Granted, the integrated should really have a=1.
But worst than critizing Martin's good detailed post, is trying to get
personal on it.

>Heid the baw - goal!! wrote:
>> "Martin Eisenberg" <[email protected]> wrote in message
>> news:1165520435.913210@localhost...
>>> vinching wrote:
>>>
>>> > I am new here and would like to ask questions about discrete
>>> > integrator.
>>>
>>> I assume you mean the recurrence y[n] = x[n] + a y[n-1]
>>> with transfer function H(z) = 1/(1 - a/z), a in (0,1).
>>
>> That's a low-pass filter. Some uniformed people call it a leaky
>> integrator of course.
>
>The reason for calling it that may be any mixture of ignorance and
>convenience. Vincent can clarify if I missed his understanding.
>
>
>Martin
>
>--
>Sphinx of black quartz, judge my vow!
>--David Lemon
>

sorry for giving incomplete information the discrete integrator I am usin
have a transfer function H(Z)=1/(Z-1)

Vincent

vinching wrote:

> sorry for giving incomplete information the discrete integrator
> I am using have a transfer function H(Z)=1/(Z-1)

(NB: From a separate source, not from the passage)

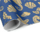 Beach Christmas Seahorse Pattern Gold Navy Blue Wrapping Paper

Do you mean z/(z - 1)? Either way, the expression for the magnitude
spectrum doesn't depend on the specific transfer function H.

With the exact integrator, I can't easily assume what it is that you
want to measure about your implementation since roundoff error is
more important now. For instance, measuring the impulse response as I
described before you'll find the result is a perfect step --
perfect only because it never changes. The measured step resonse will
deviate from a straight line as it grows toward the processor's
wordsize limit, but quantifying that effect isn't useful if your
intended inputs won't resemble a piecewise constant.

So another way to characterise a discrete integrator is roundoff
noise behavior. Qualitatively, the large magnitude spectrum at low
frequencies leads to baseline drift over time. But for actual
measurements, make sure you include test signals from the class
you're most interested in.


Martin

--
Quidquid latine scriptum sit, altum viditur.